Exploration and evaluation assets 

The application of the Company's accounting policy for exploration and
evaluation assets requires the Company to make certain judgments as to future
events and circumstances as to whether economic quantities of reserves will be
found so as to assess if technical feasibility and commercial viability has been
achieved.


Deferred taxes 

Judgments are made by the Company to determine the likelihood of whether
deferred income tax assets at the end of the reporting period will be realized
from future taxable earnings.


Significant estimates

The following are key estimates and assumptions made by the Company affecting
the measurement of balances and transactions in the consolidated financial
statements.


Recoverability of asset carrying values 

The recoverability of development and production asset carrying values is
assessed at a CGU level. The key estimates used in the determination of cash
flows from oil and natural gas reserves include the following:




i.  Reserves - Assumptions that are valid at the time of reserve estimation
    may change significantly when new information becomes available. Changes
    in forward price estimates, production costs, or recovery rates may
    change the economic status of reserves and may ultimately result in
    reserves being restated. 
ii. Oil and natural gas prices - Forward price estimates are used in the
    cash flow model. Commodity prices can fluctuate for a variety of reasons
    including supply and demand fundamentals, inventory levels, exchange
    rates, weather, and economic and geopolitical factors. 
iii.Discount rate - The discount rate used to calculate the net present
    value of cash flows is based on estimates of an approximate industry
    peer group weighted average cost of capital. Changes in the general
    economic environment could result in significant changes to this
    estimate. 



The key assumptions used in the impairment tests are described in note 6. 

Depletion and depreciation 

Amounts recorded for depletion and depreciation are based on estimates of total
proved and probable oil and natural gas reserves and future development capital.
By their nature, the estimates of reserves, including the estimates of future
prices, costs, and future cash flows, are subject to measurement uncertainty.
Accordingly, the impact to the consolidated financial statements in future
periods could be material. 


Decommissioning obligations 

Amounts recorded for decommissioning obligations and the related accretion
expense requires the use of estimates with respect to the amount and timing of
decommissioning expenditures. Actual costs and cash outflows can differ from
estimates because of changes in laws and regulations, public expectations,
market conditions, discovery and analysis of site conditions and changes in
technology. Other provisions are recognized in the period when it becomes
probable that there will be a future cash outflow.


Share based compensation 

Compensation costs recognized for share based compensation plans are subject to
the estimation of what the ultimate value will be using pricing models such as
the Black-Scholes-Merton model, which is based on significant assumptions such
as volatility, expected term, and forfeiture rate.


Derivatives 

The Company's estimate of the fair value of derivative financial instruments is
dependent on estimated forward prices and volatility in those prices.


Deferred taxes 

Deferred taxes are based on estimates as to the timing of the reversal of
temporary differences, substantively enacted tax rates, and the likelihood of
assets being realized. Tax interpretations, regulations, and legislation in the
various jurisdictions in which the Company operates are subject to change. As
such, income taxes are subject to measurement uncertainty. 

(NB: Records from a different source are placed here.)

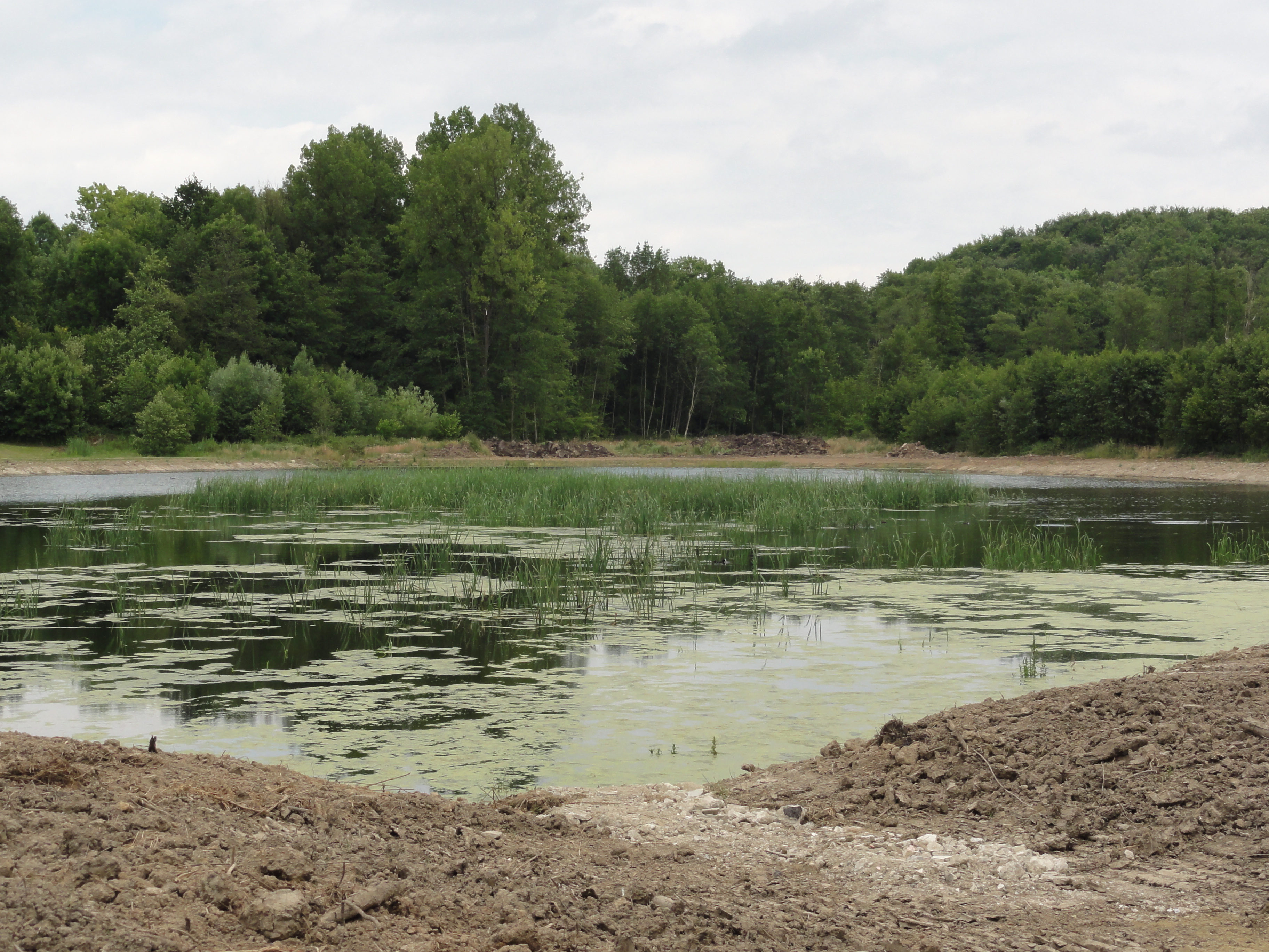 Montgobert (Aisne) étang
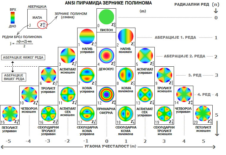 ANSI ЗЕРНИКЕ ПИРАМИДА
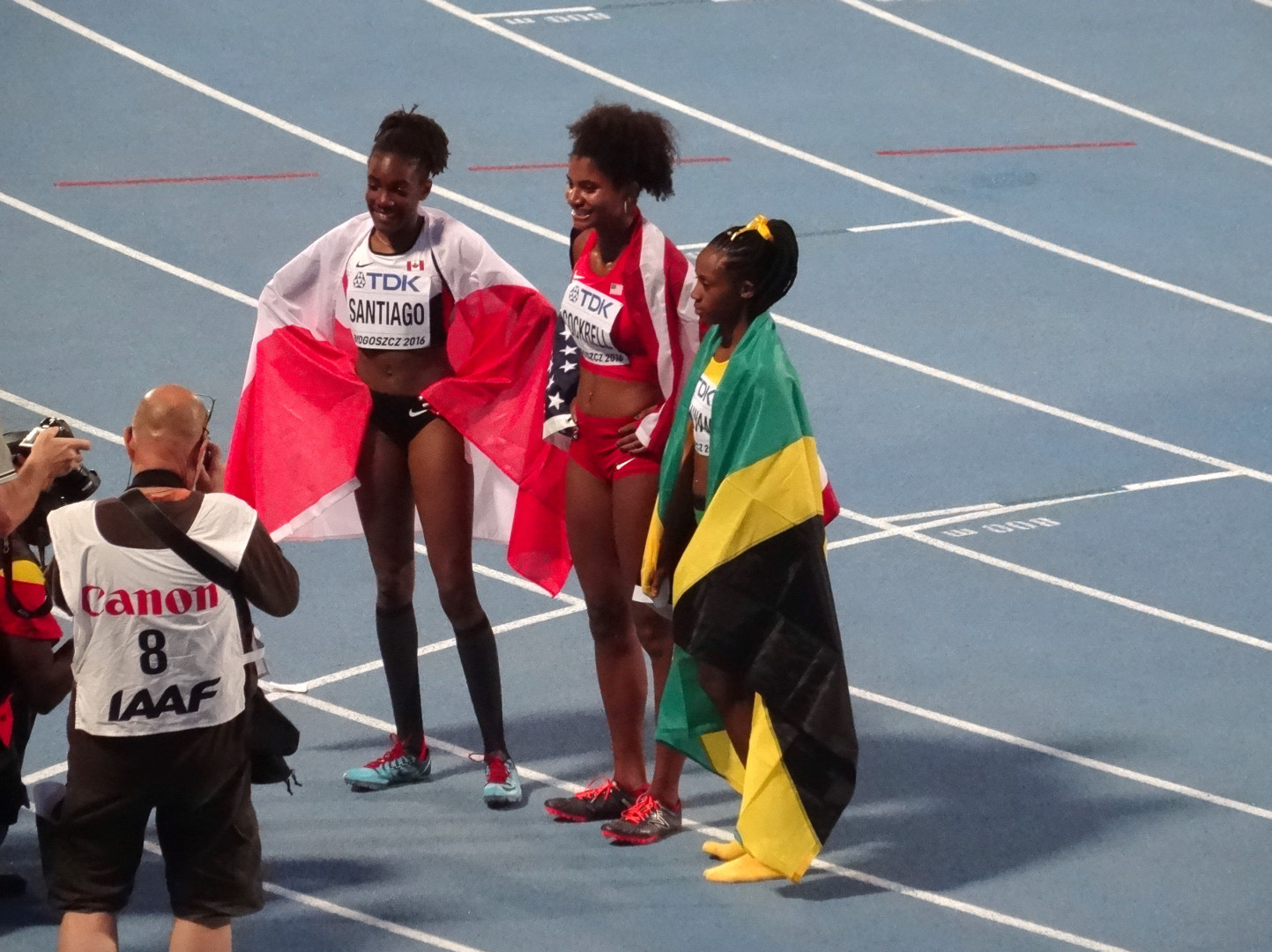 2016 IAAF World U20 Championships in Bydgoszcz, 400m hurdles women final

3. SIGNIFICANT ACCOUNTING POLICIES

The accounting policies set out below have been applied consistently by the
Company and its subsidiary to all periods presented in these consolidated
financial statements. 


(a) Basis of consolidation

Subsidiaries

Subsidiaries are entities controlled by the Company. Control exists when the
Company is exposed to, or has rights to, variable returns from its involvement
with the entity and has the ability to affect those returns through its power
over the entity. In assessing control, potential voting rights that currently
are exercisable are taken into account. The financial statements of subsidiaries
are included in the consolidated financial statements from the date that control
commences until the date that control ceases.


Jointly controlled operations

Many of the Company's oil and natural gas activities involve jointly controlled
operations. The consolidated financial statements include the Company's share of
these jointly controlled operations and a proportionate share of the relevant
assets, liabilities, revenue, and related costs.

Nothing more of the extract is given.